Badwater Basin is 282 feet below sea level, the lowest elevation in the western hemisphere. The red arrow points to a marker in the hill that indicates where sea level is.


Scotty's Castle, 56 miles north of where we were camped in Furnace Creek, is not really a castle and not built or owned by Scotty. This villa, which was built in the 1920's, more than 50 miles from its nearest neighbor, has always had running water and electricity.


I particularly liked the kitchen which was very modern for one built way back then with an electric refrigerator, gas stove, hot and cold running water (the hot water was solar heated).


The music room was also pretty awesome with player piano and organ and other instruments.



Ubehebe Crater is a volcanic crater in Death Valley not far from Scotty's Castle. If we'd had more time, I would like to have hiked the trail around the top of the crater. Maybe next visit.


We also participated in some of the Death Valley 49ers Encampment festivities. Some of the entertainment in the evenings was pretty good. It was chilly at night under the stars, but worth it to hear a couple of the singers they had there. Belinda Gail and Mary Kaye were my favorites. Those girls sure could sing.

Saturday, November 5, 2011

Cars, cars and more cars

Among the "Top 10 Automobile Museums" per edmunds.com is the Peterson Automotive Museum in Los Angeles.

There are a few interesting dioramas like this one with a 1901 Breer, a steam engine car built by 17-year Carl Breer in his father's blacksmith shop.

The Peterson is more than a collection of cars and their history, however. There's a lot of information on how cars have affected and shaped our culture with gas stations, strip malls, drive-in theaters, insurance, roads, highways, taxes, muscle cars, racing, etc.

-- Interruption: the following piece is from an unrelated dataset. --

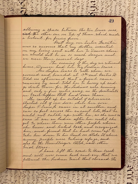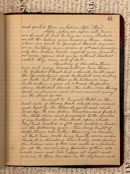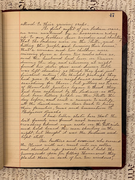 “We were often visited by Indians … they were Cheyennes & Arapahoes”. Mary continues with observations and comments including the fact that the ‘Indians’ were friendly until ‘their war of 1864’ [i.e. the Colorado War]. This is mentioned later with descriptions of how her brothers’ house was used as a ‘fortress’, and of the way some reacted in Denver when news of a supposed massacre reached the city.

On the 2nd floor, there are special exhibits, at least some of which are temporary. Alternative fuels was the subject of one of the exhibits. There was an electric car from 1897 and a new electric car of 2010.

Here's a 1974 Dutcher which runs on steam. This one is from the Jay Leno collection.

And here's a 2005 Nissan fuel cell car.

There are some famous Hollywood cars, including a 1989 Batmobile.

One of the special exhibits was on Scooters.

Another special exhibit was a tribute to Phil Hill, a legendary American racing champion. He also collected and restored cars like this one which was my favorite car in the museum, a 1912 Packard which won a Best in Class award at the prestigious Pebble Beach Concours d'Elegance.

Of course, no auto museum is complete without at least one old or otherwise unique RV. This is a 1938 Curtiss Aerocar.

It's pulled by a 1938 Reo. Both of these are one of a kind.



Other auto museums I've been to which you might be interested in:

In Las Vegas, the collecton at the Imperial Palace is billed as the world's largest classic car showroom.


If you like Ferraris and race cars, check out the Marconi Museum in Tustin, CA.

If you're in San Diego and visiting Balboa Park, the San Diego Auto Museum is a small but worthwhile collection to take a look at.

And one of my ALL-TIME FAVORITES is the Nethercutt Collection in Sylmar, CA. They also have the most elegant website. Check it out.